So – real estate investing is a cash intensive sport.  We all know this and nobody disputes it.  Qualifying for loans is difficult, and so is coming up with down-payments.  Therefore, common sense dictates, at least I hope that it does, that any and every tool which has the capacity to alleviate the burden of financing indeed has value and we can expect to pay for it.

While far from being the only tool, owner financing is likely the primary tool in this department, specifically for the beginner investor.  The absolute great advantage of owner-financing resides in the fact that all of the terms of purchase/sale (and I mean ALL) are totally negotiable – this is powerful indeed…

Let’s say you are looking to buy a 4-plex that is reasonably worth $150,000.  In order to finance it conventionally as a non-owner occupied investment property you would most likely need at least a 25% down-payment; likely 30%.  This puts such acquisition out of reach for a lot of you – doesn’t it?

Now – there are some people out there who would say that if you don’t have the money for the down-payment, you shouldn’t be looking to buy this building in the first place.
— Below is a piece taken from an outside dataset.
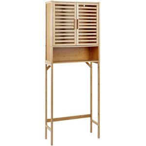 Over the Washer Storage. This minimalistic bathroom over the washer cabinet, crafted from high-quality bamboo, features a light wood finish that adds a natural accent to your decor. With three spacious shelves, it offers ample storage for towels, toiletries, and other essentials, making it both practical and stylish. Ideal for organizing and enhancing small or large bathrooms alike. Details: Product Type: Bathroom Cabinet Style: Boho General Color: Brown Material Type: Wood Main Material: Bamboo Wood Legs material: Wood Shelves number: 3 Doors Opening: Standard Drawers: No Finish: Melamine Key Locked: No Number of Doors: 2 Shelves: Yes Dimensions: Depth: 25 cm Width: 63 cm Height: 167 cm Weight: 8 kg Top Weight Capacity: 3 kg Offer Includes: 1 x Cabinet Key Features: Modern Design, Warm, Elegant Colour, High-Quality Materials, High Durability, Plenty of Storage Space Assembly Information: Full Assembly Required. 20-40 min. Additional Information: Please note that wood is a natural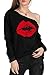 Pullover shirt, Wide neck, Long sleeve, Scribble lips pattern, Off the shoulder, Unfinished seams, Relaxed fit, Lightweight, Slouchy shirt, Hand wash cold

Personally, that’s some of the stupidest thinking I’ve ever heard of.  Putting your hard-earned money on the table in general is best described as investing for dummies.  The reason we study and learn is precisely so that we can bring value to the table without needing money.  I don’t know a single syndicator who puts their money in the pot (at least not much), and for the life of me I don’t get why smaller investors feel so committed to putting money down (i.e. putting money at risk).  If the deal is good enough you shouldn’t have to bring much dough to the table, and if it’s not good enough you shouldn’t be doing it…

You make your own call on this, but I prefer to find deals that don’t require such a down-payment, but there is usually a price to pay elsewhere – most often a higher purchase price.

Question: Would you pay $165,000 for this 4-plex knowing that it’s only worth $150,000 if that meant that your required down-payment would be 5% in lieu of 30%, and that you wouldn’t have to deal with a bank on the rest?

Answer: Obviously, all of the usual metrics would have to be acceptable at the higher price-point, but I would pay $15,000 for the benefits represented by owner-financing in this case.  In fact I have, and it cost me less than $15,000.  Would you…?

Owner-financing is not at all the only way to go, but likely the best way for a beginner.  Now – you are not likely to get this done on an MLS listed property, and you might have to learn a thing or two about negotiation, but this is very doable in the world of owner-financing and it can be highly advantageous for both sides indeed.


You’ve heard me and others repeat many times that real estate investing is a relationship business.  This is a powerful statement indeed once you truly understand what it means – do you understand what it means?

Just in case, allow me to give you my thoughts.  What “relationship business” is code for is that if someone likes you, trusts you, and believes in you, they will be willing to open doors for you that otherwise would be shut – period!  And this applies to sellers, buyers, and financiers alike…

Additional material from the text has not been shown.